**Work instruction**. With pictures left out, copy exactly every line from the one containing "这张照片拍得实在太好了。周总" through the end of the material.

»»

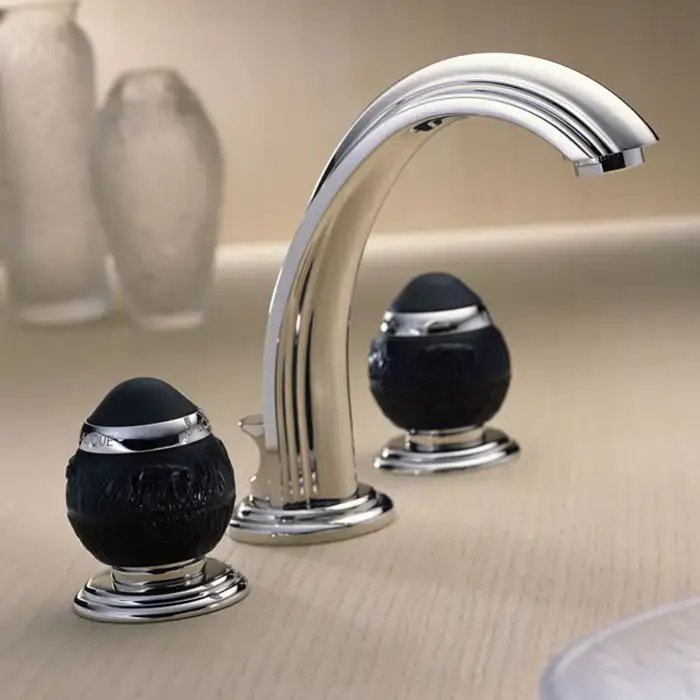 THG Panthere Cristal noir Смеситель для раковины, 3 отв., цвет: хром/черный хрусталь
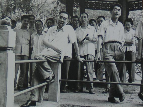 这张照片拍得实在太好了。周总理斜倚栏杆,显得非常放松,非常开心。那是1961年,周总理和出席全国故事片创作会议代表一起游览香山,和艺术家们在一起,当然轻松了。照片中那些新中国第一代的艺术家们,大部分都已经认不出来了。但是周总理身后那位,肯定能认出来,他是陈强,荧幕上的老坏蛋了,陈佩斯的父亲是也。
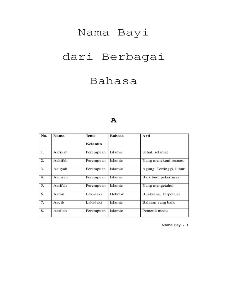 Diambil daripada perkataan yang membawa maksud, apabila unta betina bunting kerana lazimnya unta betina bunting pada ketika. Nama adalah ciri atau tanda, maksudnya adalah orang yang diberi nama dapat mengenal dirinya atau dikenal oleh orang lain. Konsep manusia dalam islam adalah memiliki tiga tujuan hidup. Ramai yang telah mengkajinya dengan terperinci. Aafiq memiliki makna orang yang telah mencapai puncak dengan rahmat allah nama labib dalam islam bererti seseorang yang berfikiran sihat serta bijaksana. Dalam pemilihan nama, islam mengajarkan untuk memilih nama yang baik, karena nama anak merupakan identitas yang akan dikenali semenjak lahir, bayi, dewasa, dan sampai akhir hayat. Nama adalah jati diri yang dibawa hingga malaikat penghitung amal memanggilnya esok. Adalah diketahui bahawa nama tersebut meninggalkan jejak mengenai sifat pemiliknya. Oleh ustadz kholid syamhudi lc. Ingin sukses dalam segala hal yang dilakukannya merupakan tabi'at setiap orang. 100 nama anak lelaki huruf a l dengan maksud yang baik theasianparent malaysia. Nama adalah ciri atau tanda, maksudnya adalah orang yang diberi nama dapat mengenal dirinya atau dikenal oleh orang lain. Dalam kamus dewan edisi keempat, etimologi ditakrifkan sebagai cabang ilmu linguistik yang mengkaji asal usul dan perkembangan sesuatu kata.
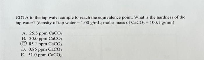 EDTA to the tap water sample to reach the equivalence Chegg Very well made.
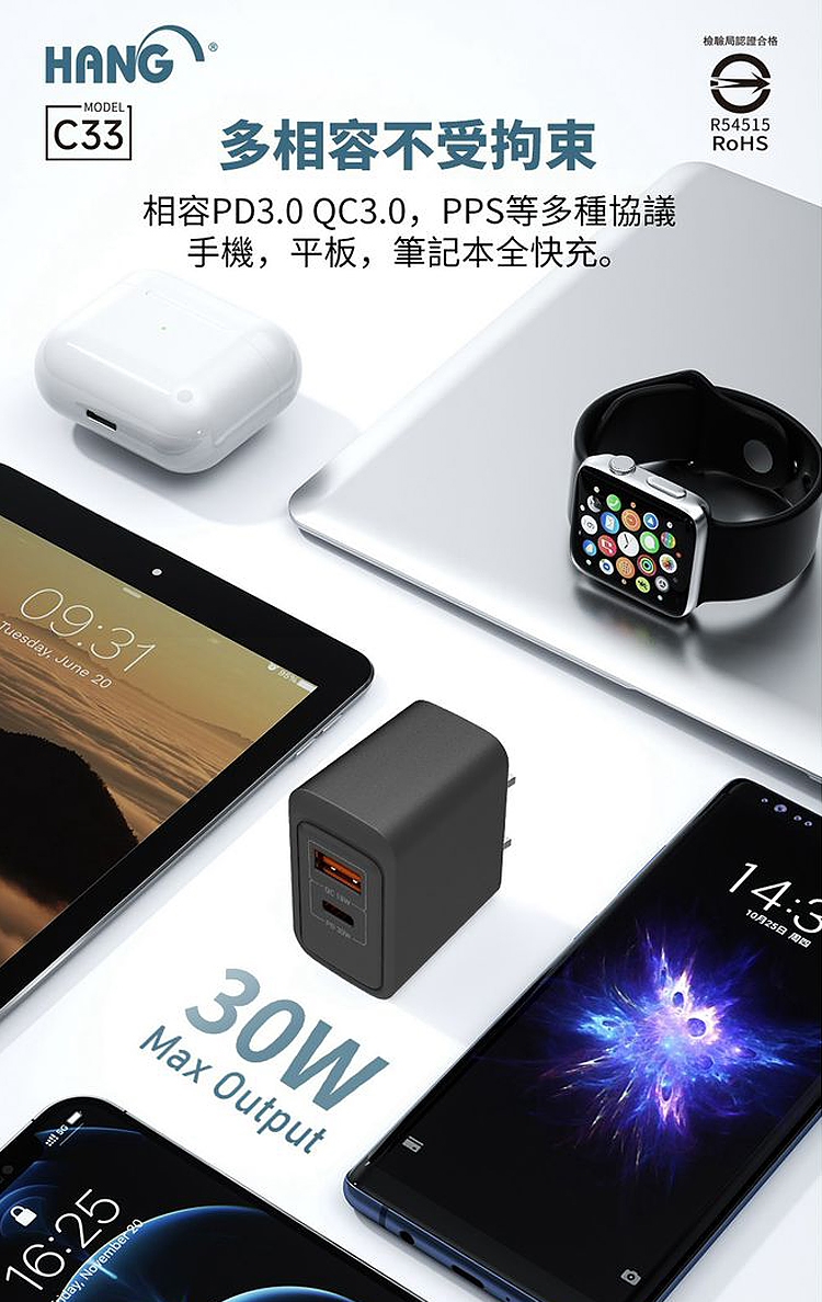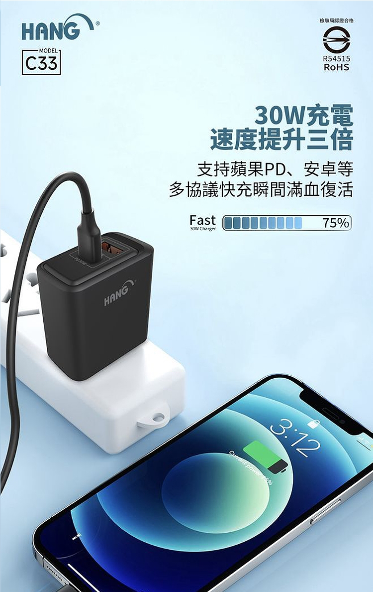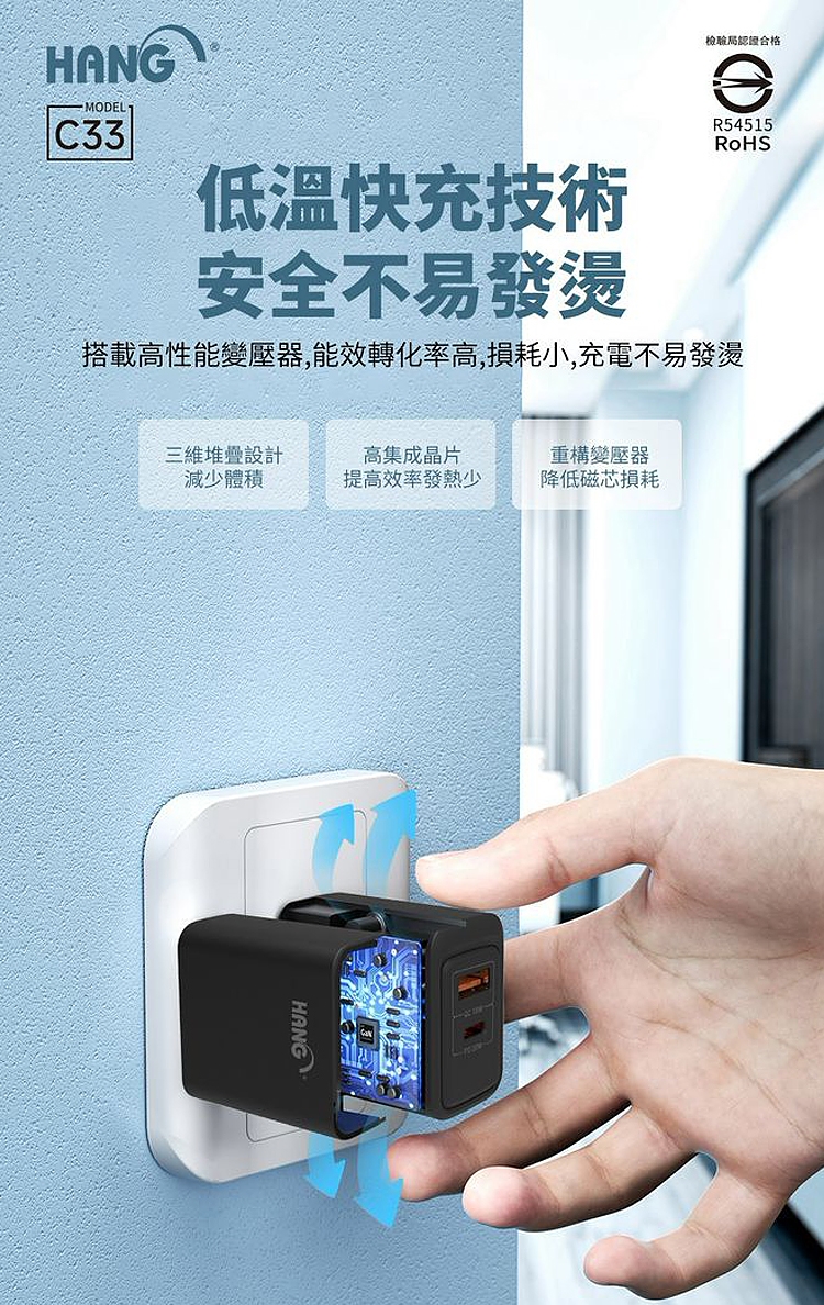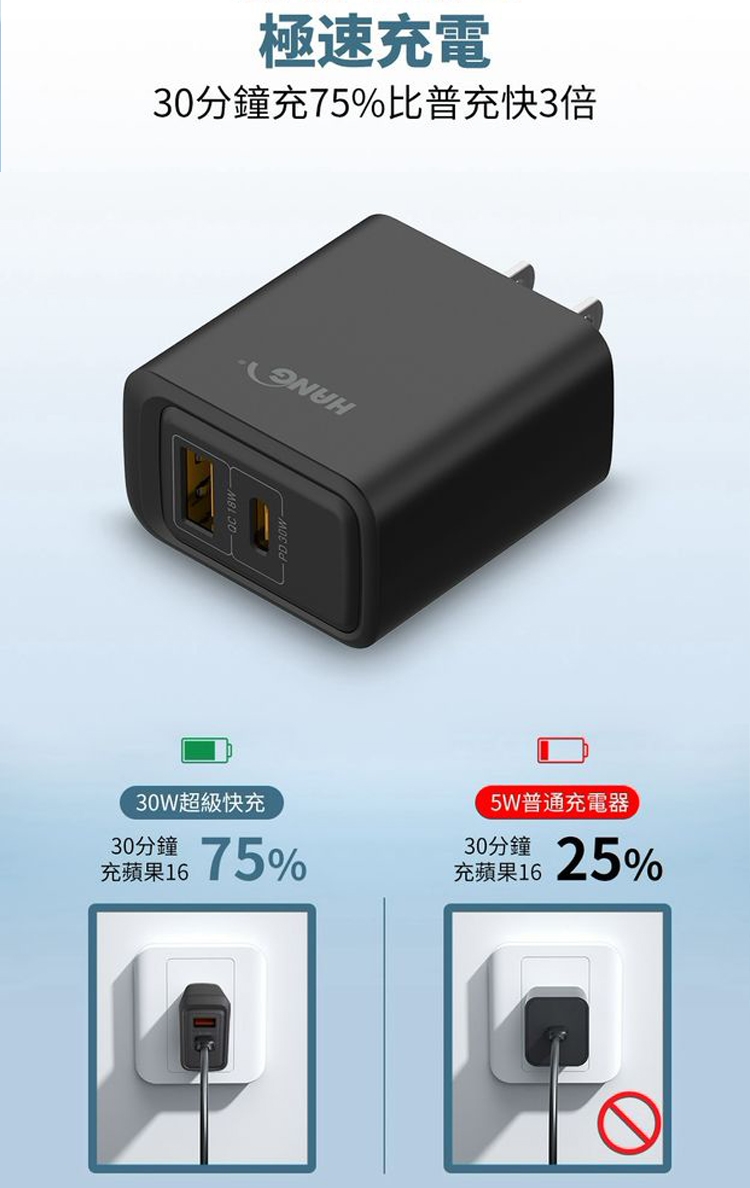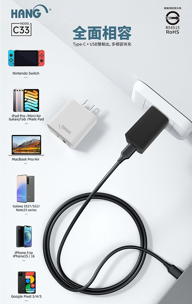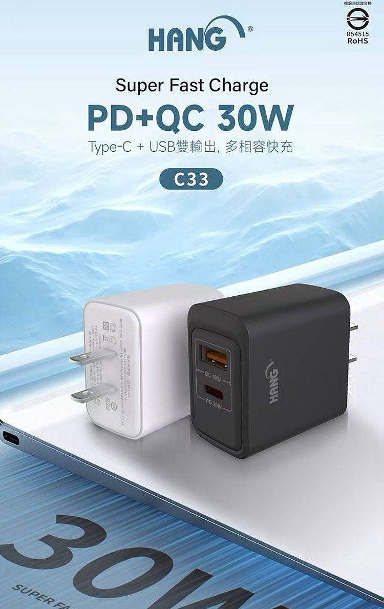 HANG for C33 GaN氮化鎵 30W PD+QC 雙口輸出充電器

««

**Exercise solution**.
 这张照片拍得实在太好了。周总理斜倚栏杆,显得非常放松,非常开心。那是1961年,周总理和出席全国故事片创作会议代表一起游览香山,和艺术家们在一起,当然轻松了。照片中那些新中国第一代的艺术家们,大部分都已经认不出来了。但是周总理身后那位,肯定能认出来,他是陈强,荧幕上的老坏蛋了,陈佩斯的父亲是也。
 Diambil daripada perkataan yang membawa maksud, apabila unta betina bunting kerana lazimnya unta betina bunting pada ketika. Nama adalah ciri atau tanda, maksudnya adalah orang yang diberi nama dapat mengenal dirinya atau dikenal oleh orang lain. Konsep manusia dalam islam adalah memiliki tiga tujuan hidup. Ramai yang telah mengkajinya dengan terperinci. Aafiq memiliki makna orang yang telah mencapai puncak dengan rahmat allah nama labib dalam islam bererti seseorang yang berfikiran sihat serta bijaksana. Dalam pemilihan nama, islam mengajarkan untuk memilih nama yang baik, karena nama anak merupakan identitas yang akan dikenali semenjak lahir, bayi, dewasa, dan sampai akhir hayat. Nama adalah jati diri yang dibawa hingga malaikat penghitung amal memanggilnya esok. Adalah diketahui bahawa nama tersebut meninggalkan jejak mengenai sifat pemiliknya. Oleh ustadz kholid syamhudi lc. Ingin sukses dalam segala hal yang dilakukannya merupakan tabi'at setiap orang. 100 nama anak lelaki huruf a l dengan maksud yang baik theasianparent malaysia. Nama adalah ciri atau tanda, maksudnya adalah orang yang diberi nama dapat mengenal dirinya atau dikenal oleh orang lain. Dalam kamus dewan edisi keempat, etimologi ditakrifkan sebagai cabang ilmu linguistik yang mengkaji asal usul dan perkembangan sesuatu kata.
 EDTA to the tap water sample to reach the equivalence Chegg Very well made.
 HANG for C33 GaN氮化鎵 30W PD+QC 雙口輸出充電器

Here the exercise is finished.